La mélatonine semble également avoir un impact direct sur le développement de l’embryon par son implication dans la reprogrammation de la méthylation de l’ADN. La mélatonine peut également favoriser le développement des embryons en induisant des modifications dans la méthylation de l’ADN des gènes associés à la pluripotence et aux fonctions spécifiques aux tissus.
L’impact de la mélatonine sur la différenciation des cellules souches a déjà été rapporté. La mélatonine favorise la différenciation odontogène des cellules de la pulpe dentaire humaine (hDPC) et réduit la méthylation globale de l’ADN et la MeCP.
Notamment, la perte de méthylation encourage la différenciation des cellules souches, tandis que l’hyperméthylation maintient la souche cellulaire. De plus, la supplémentation en mélatonine induit une différenciation des hDPC par une interaction protéique qui affecte les altérations globales de la méthylation de l’ADN.
conclusion
La mélatonine a été largement étudiée en tant qu’option potentielle de prévention ou de traitement du cancer, avec un nombre important et croissant de littérature soutenant son efficacité. L’étude actuelle a exploré l’impact possible de la mélatonine sur la méthylation de l’ADN.
Les altérations de la sécrétion de mélatonine dues au travail de nuit peuvent entraîner une hyperméthylation des gènes impliqués dans le biorythme circadien. Cela suggère que la mélatonine pourrait potentiellement avoir un impact direct sur la méthylation de l’ADN.
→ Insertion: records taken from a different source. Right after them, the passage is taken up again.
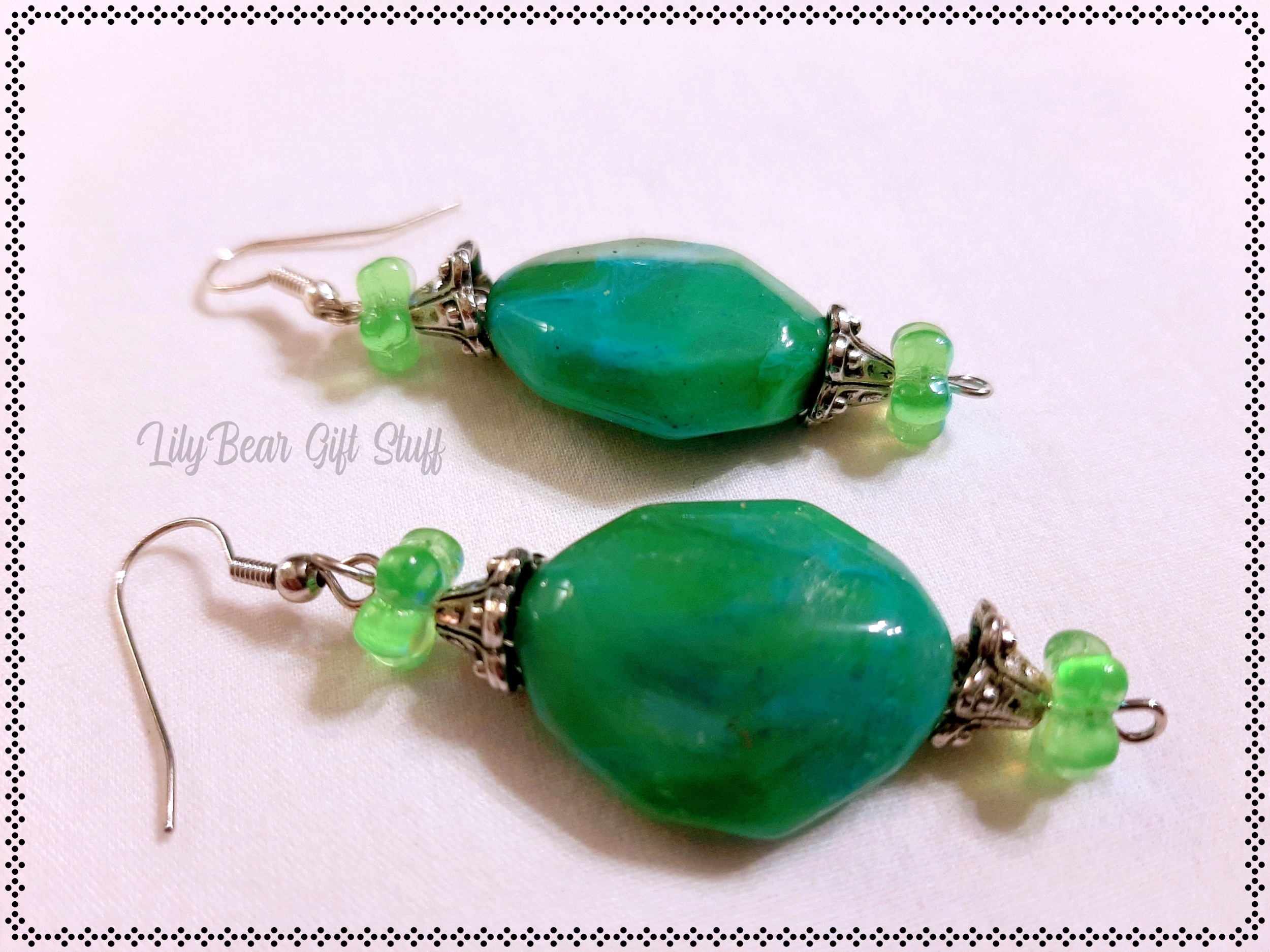 Cute and simple earrings made with green acrylic beads and small green glass flower beads.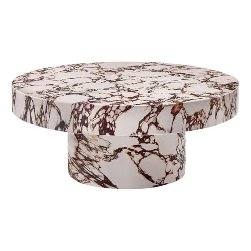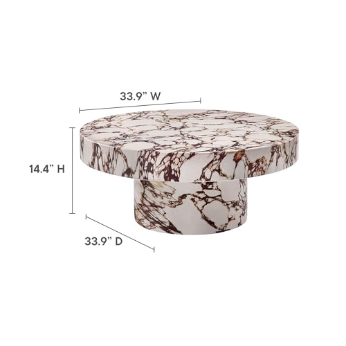 Modway Alora Round Concrete Coffee Table with Faux Stone Finish in Red Marble – Cement Accent Table for Living Room – Stone Patio Center Table – Indoor Outdoor 34 Inch Low Coffee Table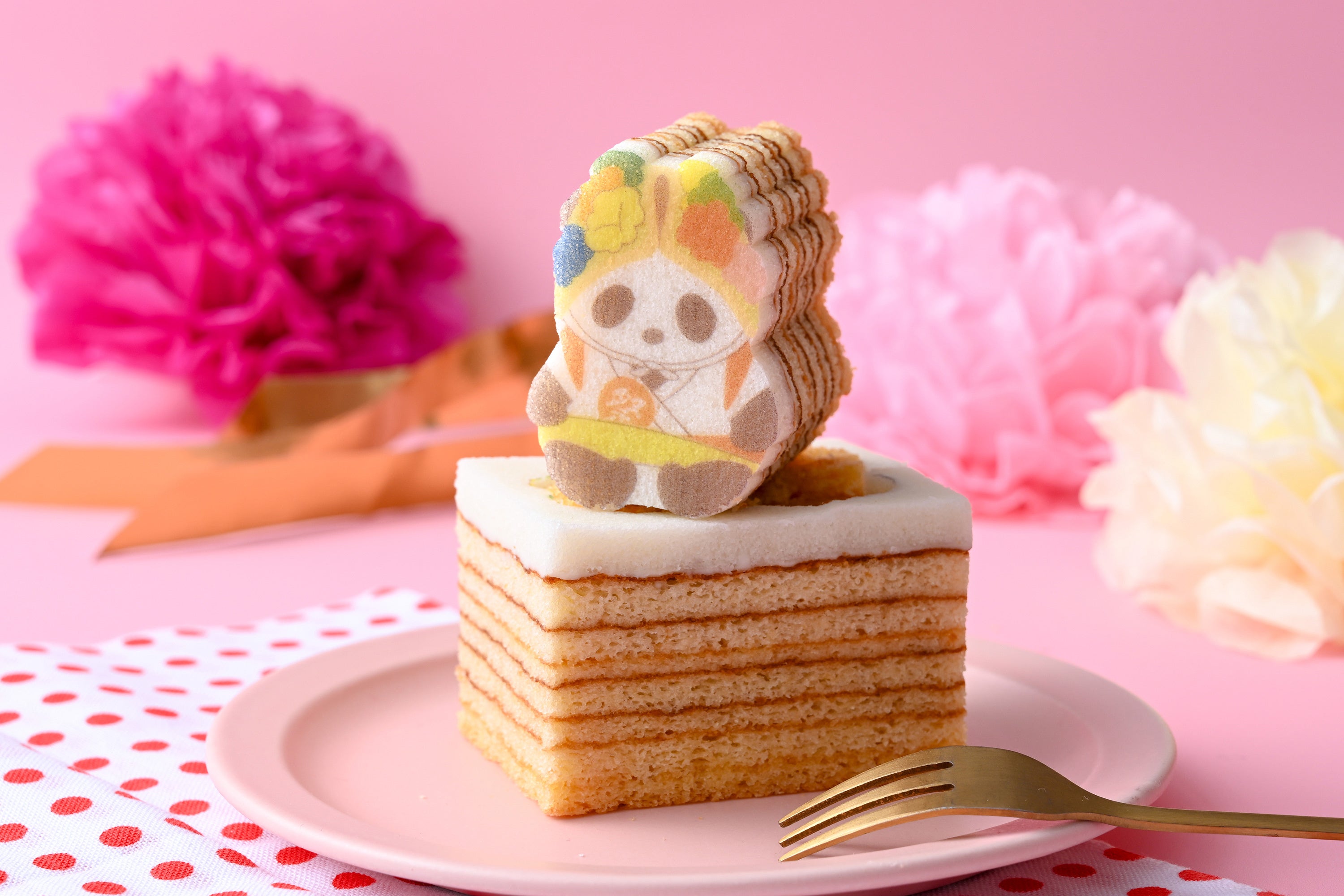 卵とアーモンドがふんわりと香るプレーン生地を、丁寧に焼き重ねた平焼きバウム。ねぶた祭の跳人(ハネト)にふんしたパンダのプ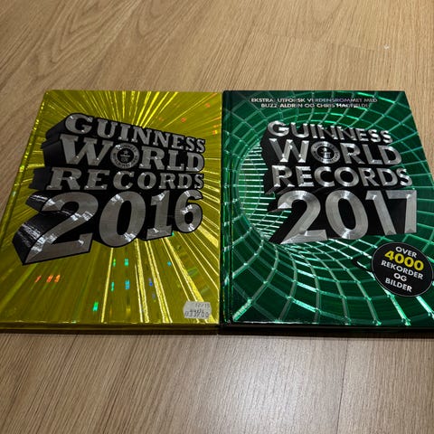 Samling med tre bøker i serien Guinness World Records. Årsutgaver for 2018, 2020 og 2021.

L’administration de mélatonine, associée à des inhibiteurs de DNMT, peut être un complément précieux à la thérapie anticancéreuse, en particulier pour les tumeurs présentant une expression altérée des récepteurs de la mélatonine. Une exploration plus approfondie de cette approche est justifiée dans des contextes expérimentaux et cliniques.